Chile Miners: After Rescue, What Medical Dangers Lie Ahead?

Alfonso Avalos(C) father of Chilean miner Florencio Avalos celebrates after Florencio was brought to the surface on October 13, 2010 following a 10-week ordeal in the collapsed San Jose mine, near Copiapo, 800 km north of Santiago, Chile. Avalos was the first from 33 to be lifted from underground.celebra el rescate de su hijo Florencio Avalos desde el fondo de la Mina San Jose. Hector Retamal/AFP/Getty Images

chilean miner
Alfonso Avalos, father of Chilean miner Florencio Avalos, celebrates after Florencio was brought to the surface on October 13, 2010. (Hector Retamal/AFP/Getty Images)


(CBS) Getting back to the surface may be just the first challenge for the 33 Chilean miners now being freed after spending more than two months underground.

Medical experts say the men, ranging in age from 19 to 63, may be facing a number of health problems.

"The work is just beginning when the miners get out of the mine, Dr. Michael Duncan, deputy chief medical officer at Johnson Space Center, told CNN.

Respiratory conditions are at the top of the list of problems the miners are likely to face.

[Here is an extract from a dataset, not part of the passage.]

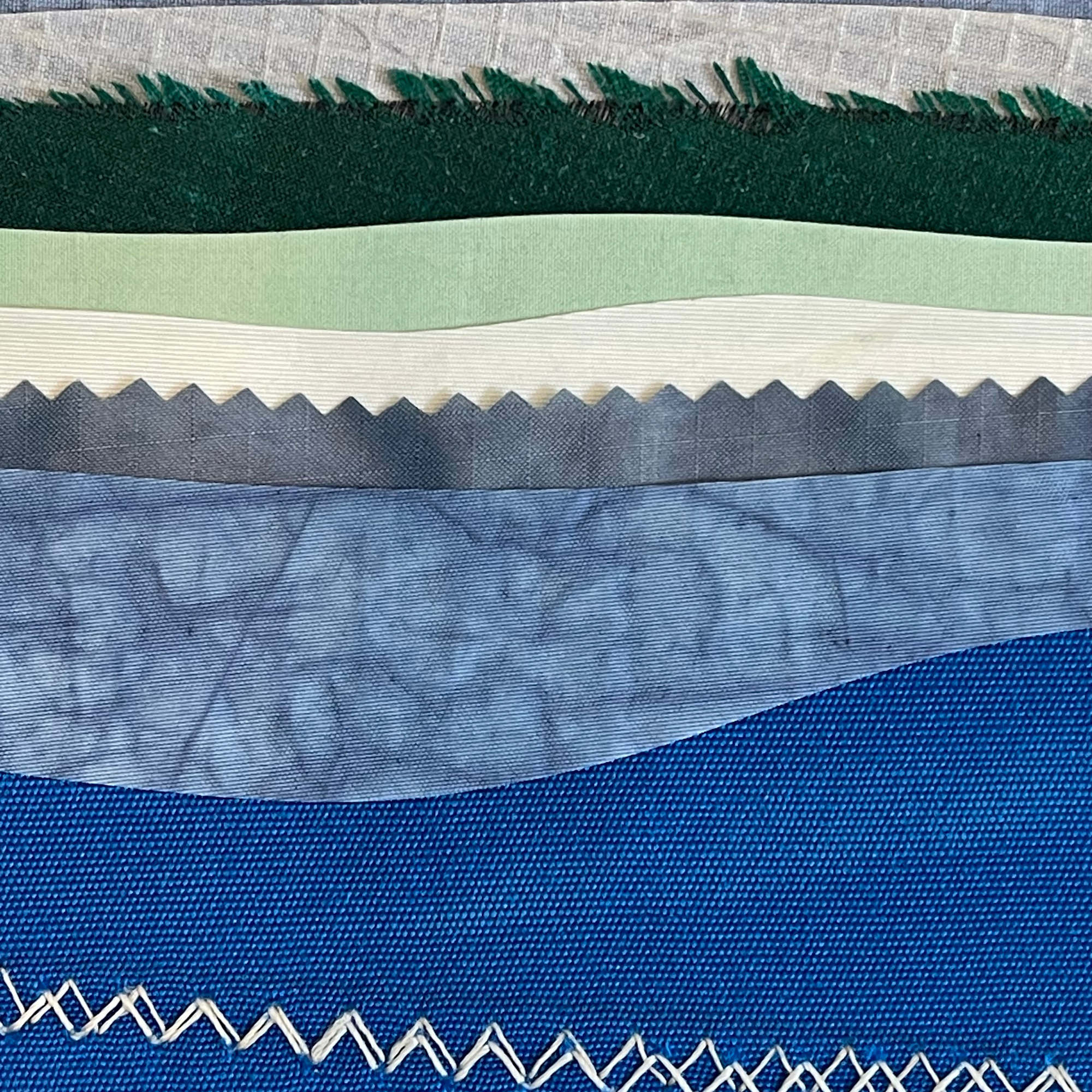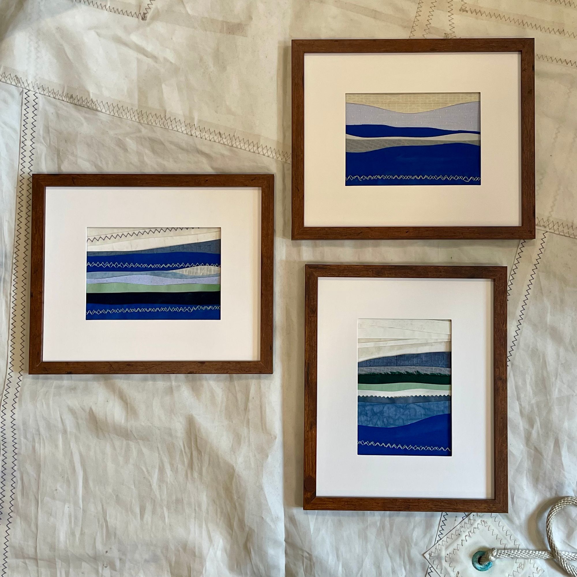 Special attributes included might be: retired nautical sails, marine cloths, vintage dupioni silks, aviation topographic charts, watercolor paints, fabric dyes, and more.

Chalk this up to the poor air quality said to exist in the mine.

"I would expect respiratory infections," Dr. Neil Schachter, medical director of the respiratory care department at Mount Sinai Medical Center in New York City, told ABC News.

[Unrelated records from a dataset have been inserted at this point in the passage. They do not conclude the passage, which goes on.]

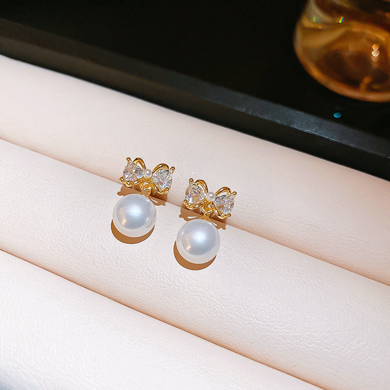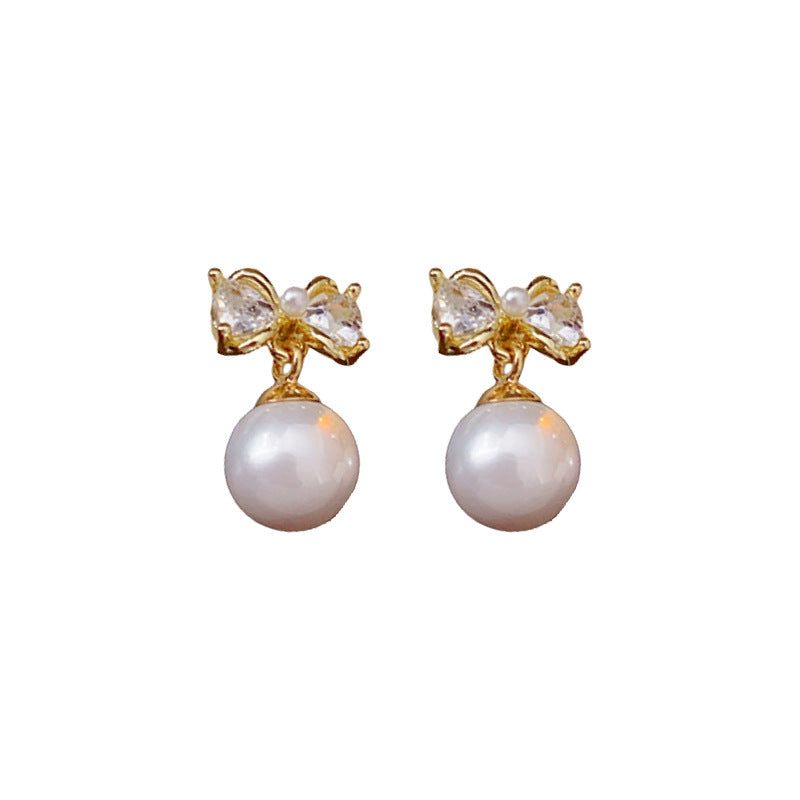 A廠【HE23475】真金電鍍925銀針鋯石蝴蝶結珍珠耳環高級感百搭耳環時尚氣質耳飾配件 24.11-2
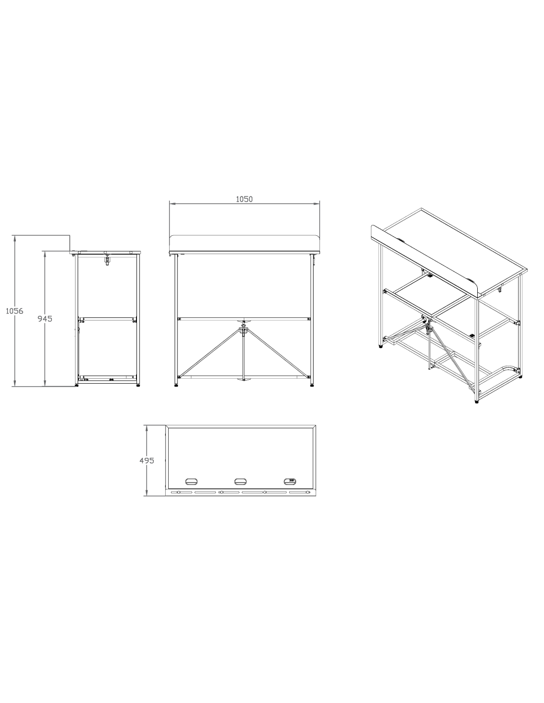 Dimensions: Folded 1070 x 510 x 150mm
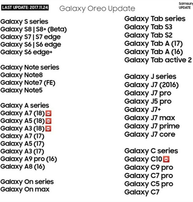 La empresa había adelantado que los nuevos Samsung Galaxy A3, A5 y A7 del 2018 Y C10 que serían presentados durante el Mobile World Congress en febrero en la ciudad catalana de Barcelona no llegarán con Android Oreo, pero sí actualizarán a esta nueva versión en algún momento.
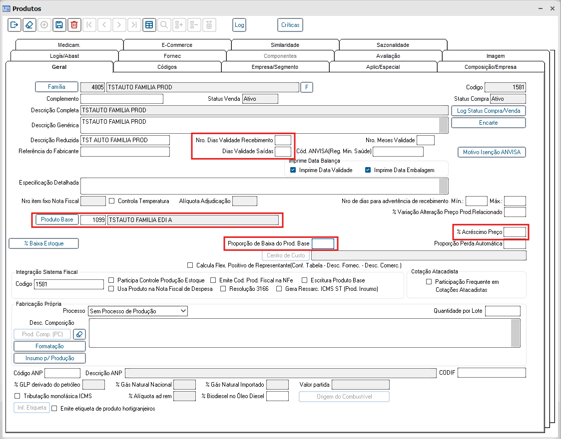 Informe no campo Número Dias Validade o número de dias considerado para validade do produto. Essa informação será utilizada para a etiqueta de balança.
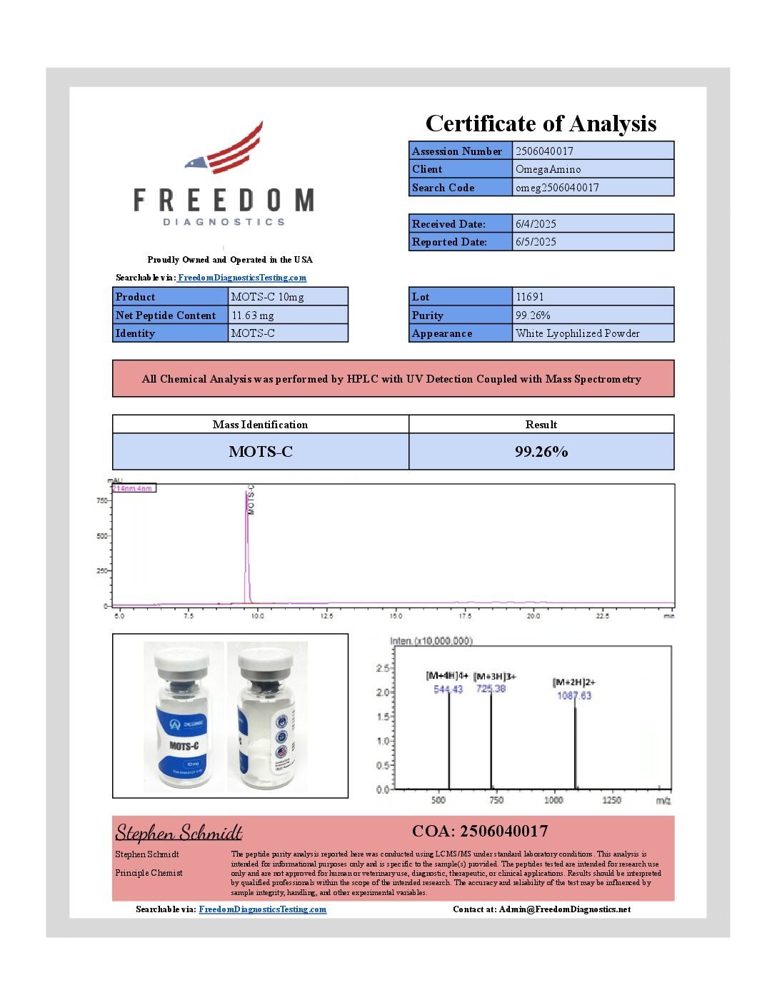 10mg vial. Our U.S. Mots-C powder undergoes third-party testing to ensure purity, authenticity, and potency.

And that's not all. Fungal infections including athlete's foot and jock itch are other potential risks, according to ABC News. While not life-threatening, these conditions can be uncomfortable - and it can take months to get rid of the offending fungi.

Dental problems are another threat. Some of the men are believed to have developed gingivitis, an inflammation of the gums, according to ABC News.

What about the miners' eyes? There had been some concern that long exposure to darkness could result in eye damage - or that exposure to sunlight again after months in darkness could result in retinal damage. The men were given sunglasses to wear upon returning to the surface, and, in any case, it should not take them long to adjust, Dr. Ivan Schwab, professor of ophthalmology at University of California Davis School of Medicine, told ABC News.

So far, the rescued miners seem to be doing well. But no one knows exactly what to expect because this is believed to be the first time miners have been rescued after spending so much time underground, Dr. Jean Romagnoli, chief medical officer of the team that is leading the rescue, told the Los Angeles Times.

Said Dr. Romagnoli, "We're looking at some unknowns."